In case that was unclear. Also, no more "surprises" like you know what again, please.
Internal memos obtained by FINS from Chief Executive Jamie Dimon -- previously thought to be immune from such calamities -- and Chief Risk Officer John Hogan seek to assure employees that the bank will fix whatever went wrong...Sent by Dimon at 5:07 p.m. last evening to all employees, the first memo said that firm "has made serious mistakes in how we managed this portfolio which was riskier, more volatile and less effective as a hedge than we had previously thought." He said the bank has "top people" "digging deep into these issues," and that the firm "will learn from this experience and take whatever correction is needed." He told employees that no customers suffered and that he was proud of the 270,000 people who work at J.P. Morgan. "Thanks for all that you do," he wrote.

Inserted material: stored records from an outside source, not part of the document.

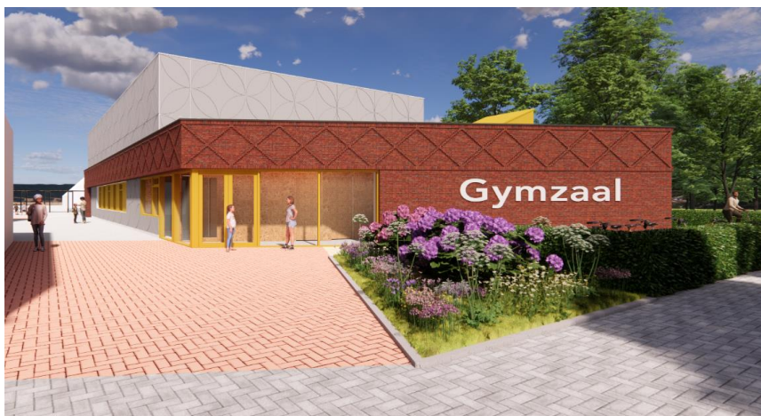
Impressiebeeld gymzaal vanaf entree Korreweg

De afgebrande gymzaal Molukkenstraat wordt herbouwd op de locatie bij OBS Karrepad. Uw raad heeft hiertoe op 24 juni 2021 aanvullend krediet ter beschikking gesteld. De gymzaal kon niet worden herbouwd op de oude plek, omdat de afmeting van een gymzaalvloer tegenwoordig groter is geworden. De afgebrande gymzaal (uit 1950) had een vloeroppervlak van 12m x 21m. De nieuwe gymzaal heeft een vloeroppervlak van 14m x 22m (normen vanuit Koninklijke Vereniging van Lichamelijke Opvoeding). De afgebrande gymzaal stond strak tussen twee schoolgebouwen. Herbouwen op de oude plek zou betekenen dat aan de schoolgebouwen grote bouwkundige verbouwingen zouden moeten plaatsvinden, wat niet wenselijk is. De nieuwe gymzaal wordt nu gerealiseerd naast de bovenbouwschool van OBS Karrepad grenzend aan het Molukkenplantsoen.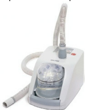
CPAP naprava (brez maske)

Aparat CPAP je preko cevi povezan z masko, ki pokriva pacientov nos (ali oboje, nos in usta, če pacient uporablja obrazno masko). Preko maske se v dihala dovaja zrak pod pritiskom, ki znaša od 4 do 15 cm vodnega stolpca. Zrak pod pritiskom »razpihuje« (razmakne) oviro, ki sicer nastane v zgornjih dihalih. Dihanje je zato lahko normalno, prekinitve dihanja izginejo, bolnik ne smrči več, podnevi pa izginejo tudi simptomi prekomerne zaspanosti.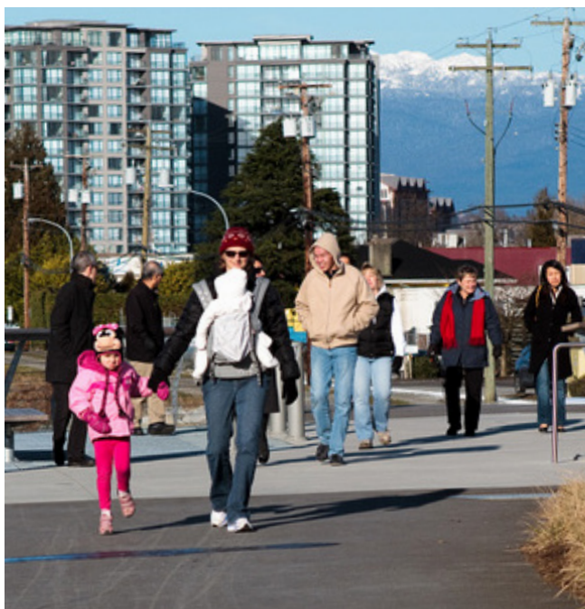
La creciente zona Oval Village de Richmond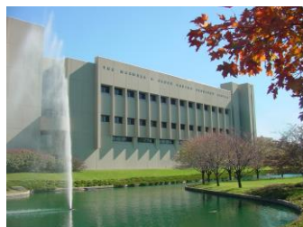
Gluck Equine Research Center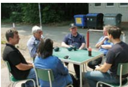
Zwischendurch war Zeit für Gespräche mit der Landesleitung in lockerer Runde.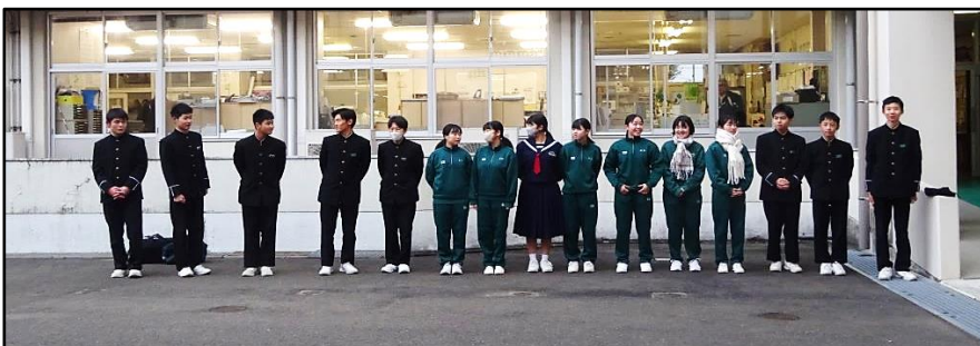
生徒玄関前であいさつ運動をする生徒会役員

12月22日（金）の全校集会では、来年の1月より活動をする生徒会執行部及び専門委員会委員長・副委員長の15名に任命状を渡し、後の全校集会の中では、生徒会活動について次のような話をしました。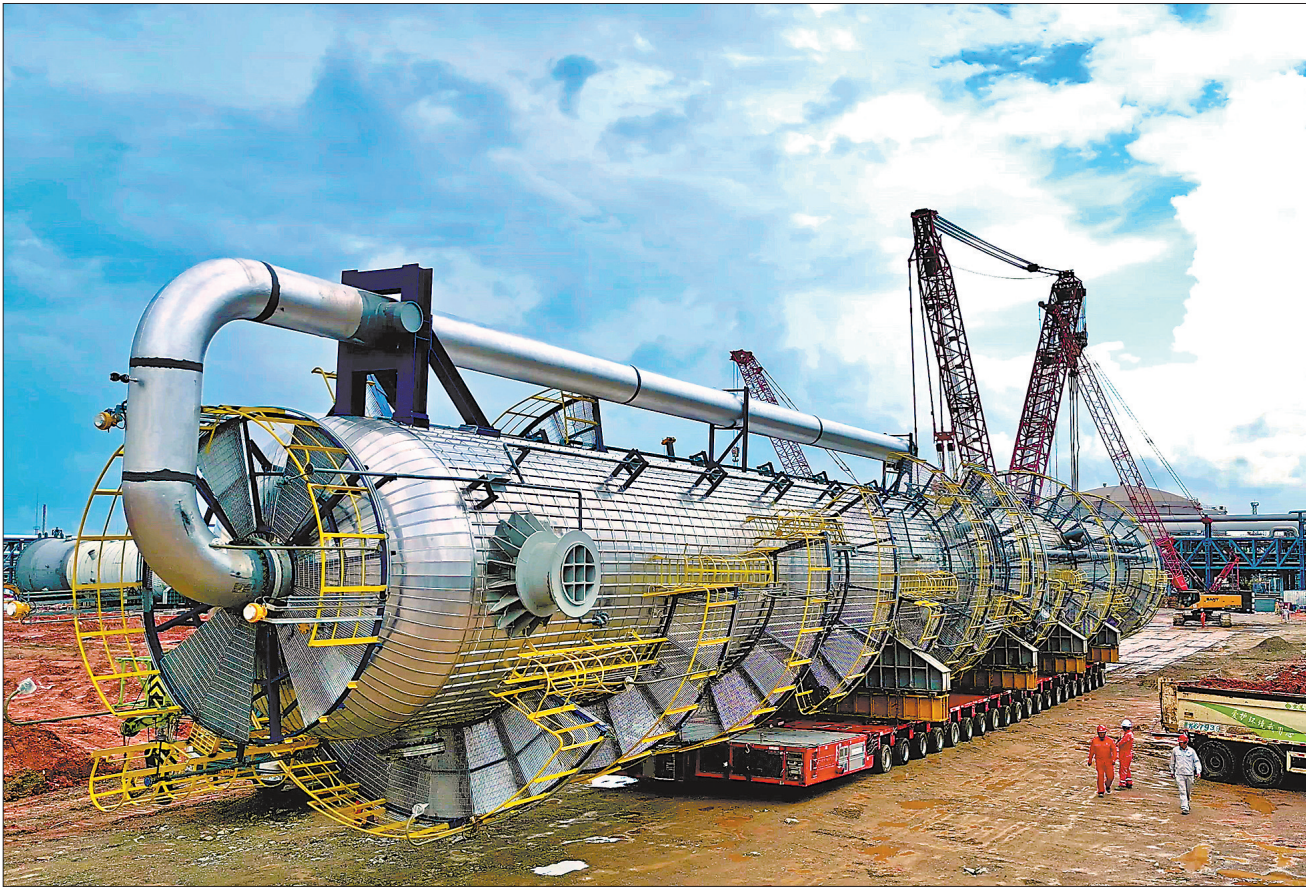
中国石化首次完成大型塔器模块化高位运输

9月7日,茂名石化升级改造项目100万吨/年裂解装置的碱洗塔模块化短距离高位运输顺利完成,标志着中国石化在大型塔器设备模块化高位运输领域实现零的突破。此次运输设备总重量539吨,全程260米,运输高度2.6米,属于大型塔器设备的高位运输。茂名石化组织起运公司、工程建设公司、十建公司等参建单位,从设备受力分析、地基处理、运输路径规划等方面,开展多轮技术论证与方案推演,圆满完成运输任务。图为碱洗塔模块化高位运输现场。 张安可 杨川 李娜 温锦陶文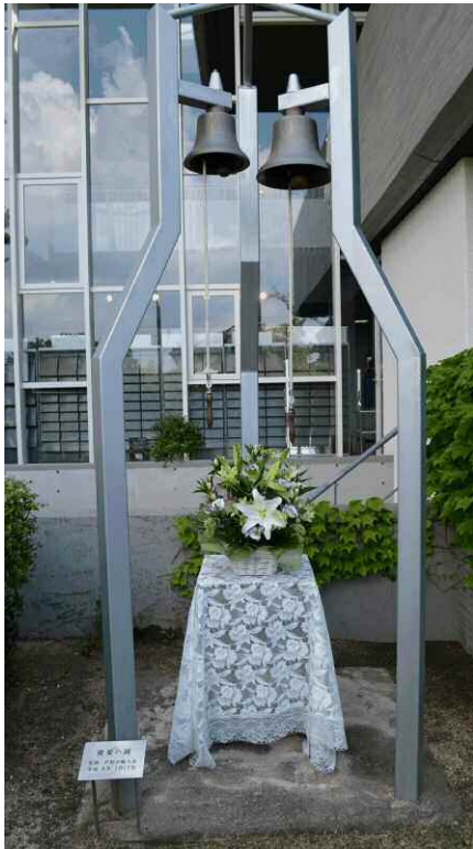
「優愛の鐘」(寄贈: 芦屋市婦人会)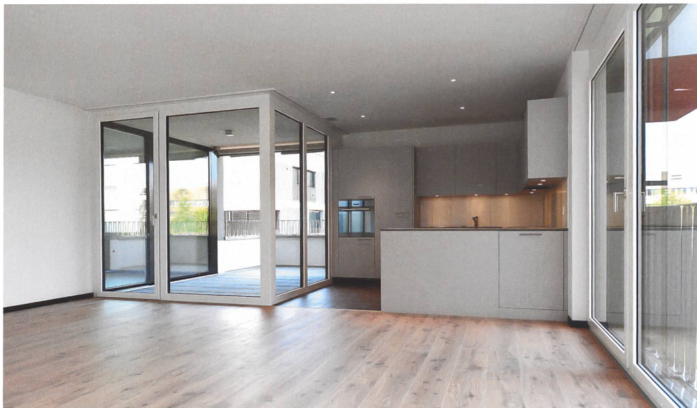
Die Wohnungen bieten eine Vielfalt an Grundrissen.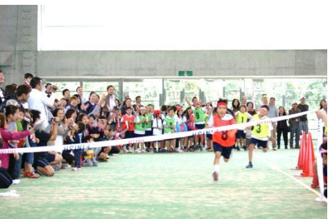
2年生 全員リレー クラス対抗、全員参加で盛り上がりました!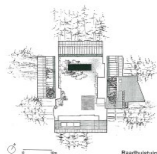
De raadhuis van Sýnýttsalo als raadhuis, Alvar Aalto, 1950.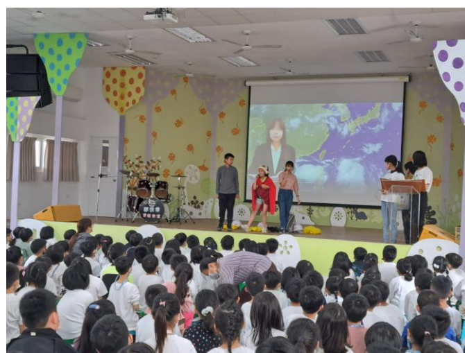
照片說明：防颱防災宣導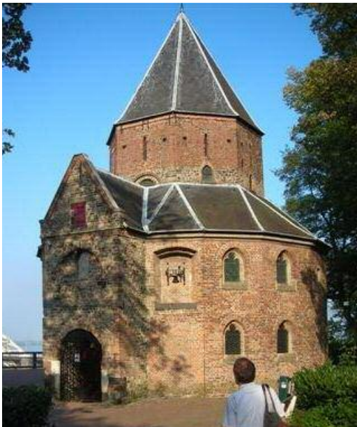
Nikolaaskapel op het Valkhof (gebouwd eind 10de eeuw).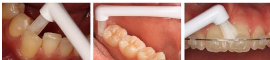
歯並びが悪いところ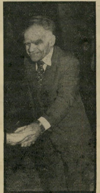
יצחק שמיר חידו משופע הבטחות

מזל מאזנים - מזל אינטלק-טואלי כיתור מזלות האוויר, ו-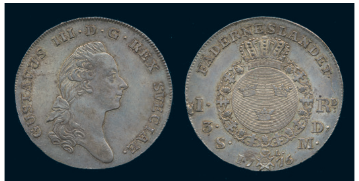
1004 * Gustav III. Riksdaler 1776. SM 43. 1+ repa. 600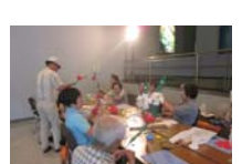
4608_H30延年華づくり講座写真058

The second memo was sent by Hogan and addressed to employees in the risk department. It read in part: "I want to reiterate the critical role that we play at J.P. Morgan Chase. We must remain vigilant in early identification of risks as they relate to clients, counterparties or markets. Relaxing our guard is never an option. We need to use the tools available to us and not lose sight of tail events. Our focus is no surprises and a readiness to escalate quickly continues to be vitally important. Remember as an independent oversight function it's our responsibility to escalate early and as often we see fit."